Problem requirements: Set down, word for word, every line of the material below from the one containing "ペットカート・ペットバギーに" through the one containing "17日目 ワレ米艦隊撃破ニ成功セリ より≫", but none of its pictures.
•••
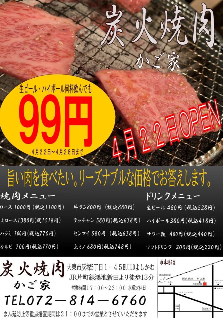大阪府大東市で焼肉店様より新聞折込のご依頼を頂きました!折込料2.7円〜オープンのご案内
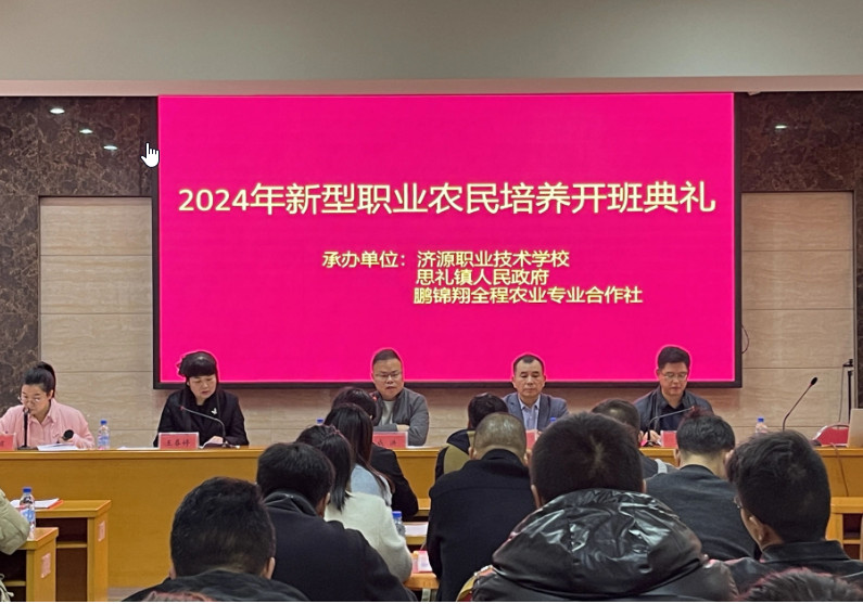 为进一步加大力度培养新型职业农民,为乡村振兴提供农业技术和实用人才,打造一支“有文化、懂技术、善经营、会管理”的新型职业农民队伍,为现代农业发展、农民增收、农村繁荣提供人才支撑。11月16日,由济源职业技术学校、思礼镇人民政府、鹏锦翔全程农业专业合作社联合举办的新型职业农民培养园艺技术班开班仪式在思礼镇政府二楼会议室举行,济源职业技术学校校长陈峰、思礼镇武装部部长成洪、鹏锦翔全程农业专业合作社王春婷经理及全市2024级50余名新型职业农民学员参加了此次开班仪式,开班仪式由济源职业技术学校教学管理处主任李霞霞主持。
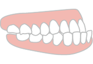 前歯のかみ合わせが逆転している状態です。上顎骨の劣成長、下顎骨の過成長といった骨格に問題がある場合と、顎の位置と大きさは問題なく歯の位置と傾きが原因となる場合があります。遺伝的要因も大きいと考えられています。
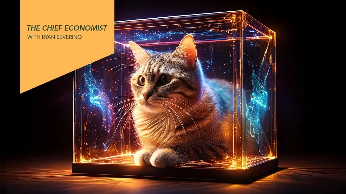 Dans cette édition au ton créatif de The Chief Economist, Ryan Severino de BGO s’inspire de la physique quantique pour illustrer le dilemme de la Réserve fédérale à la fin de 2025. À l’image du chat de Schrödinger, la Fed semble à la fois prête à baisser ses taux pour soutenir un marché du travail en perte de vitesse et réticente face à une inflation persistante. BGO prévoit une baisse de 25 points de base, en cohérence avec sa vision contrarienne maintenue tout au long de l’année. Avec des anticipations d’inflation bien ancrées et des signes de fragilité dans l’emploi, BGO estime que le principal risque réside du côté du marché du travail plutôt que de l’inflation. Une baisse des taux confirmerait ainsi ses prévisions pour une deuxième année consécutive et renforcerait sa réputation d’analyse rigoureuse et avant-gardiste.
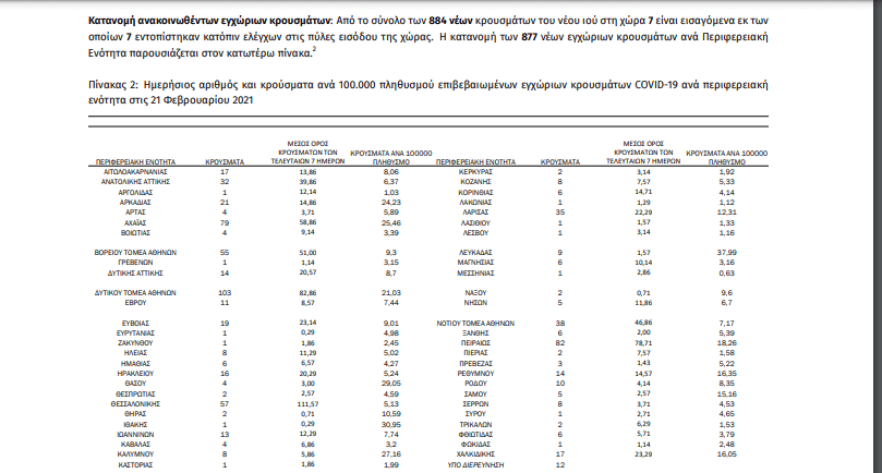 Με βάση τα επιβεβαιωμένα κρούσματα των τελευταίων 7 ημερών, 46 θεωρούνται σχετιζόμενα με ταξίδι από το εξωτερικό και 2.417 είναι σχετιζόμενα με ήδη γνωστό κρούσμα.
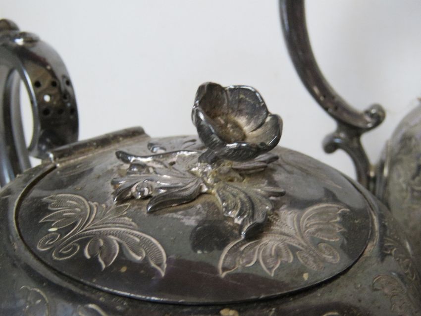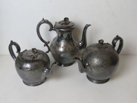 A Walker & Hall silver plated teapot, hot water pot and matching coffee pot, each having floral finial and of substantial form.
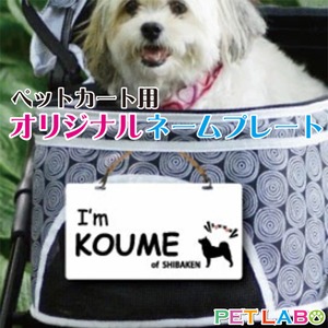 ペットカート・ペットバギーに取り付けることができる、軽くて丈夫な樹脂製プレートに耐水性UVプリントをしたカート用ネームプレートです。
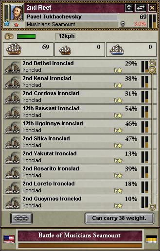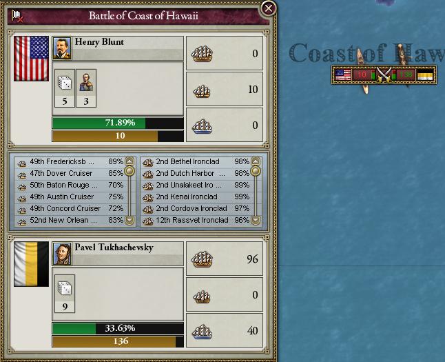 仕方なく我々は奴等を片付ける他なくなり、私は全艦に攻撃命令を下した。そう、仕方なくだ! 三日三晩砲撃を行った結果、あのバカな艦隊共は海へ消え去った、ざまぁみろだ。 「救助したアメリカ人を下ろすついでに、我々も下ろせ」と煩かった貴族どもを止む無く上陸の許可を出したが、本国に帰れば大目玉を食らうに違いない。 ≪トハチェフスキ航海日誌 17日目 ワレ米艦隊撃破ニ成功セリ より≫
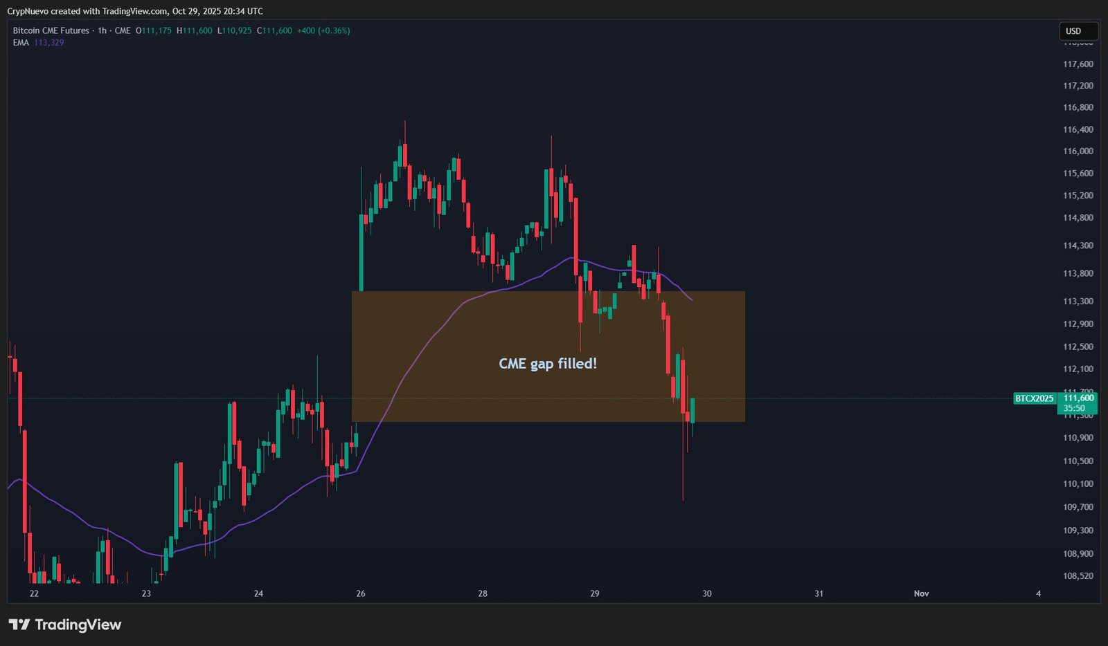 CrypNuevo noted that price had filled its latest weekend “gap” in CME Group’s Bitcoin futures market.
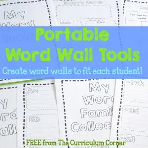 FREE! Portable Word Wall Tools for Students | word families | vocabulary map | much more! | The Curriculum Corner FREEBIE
•••
Answer box:
 ペットカート・ペットバギーに取り付けることができる、軽くて丈夫な樹脂製プレートに耐水性UVプリントをしたカート用ネームプレートです。
 仕方なく我々は奴等を片付ける他なくなり、私は全艦に攻撃命令を下した。そう、仕方なくだ! 三日三晩砲撃を行った結果、あのバカな艦隊共は海へ消え去った、ざまぁみろだ。 「救助したアメリカ人を下ろすついでに、我々も下ろせ」と煩かった貴族どもを止む無く上陸の許可を出したが、本国に帰れば大目玉を食らうに違いない。 ≪トハチェフスキ航海日誌 17日目 ワレ米艦隊撃破ニ成功セリ より≫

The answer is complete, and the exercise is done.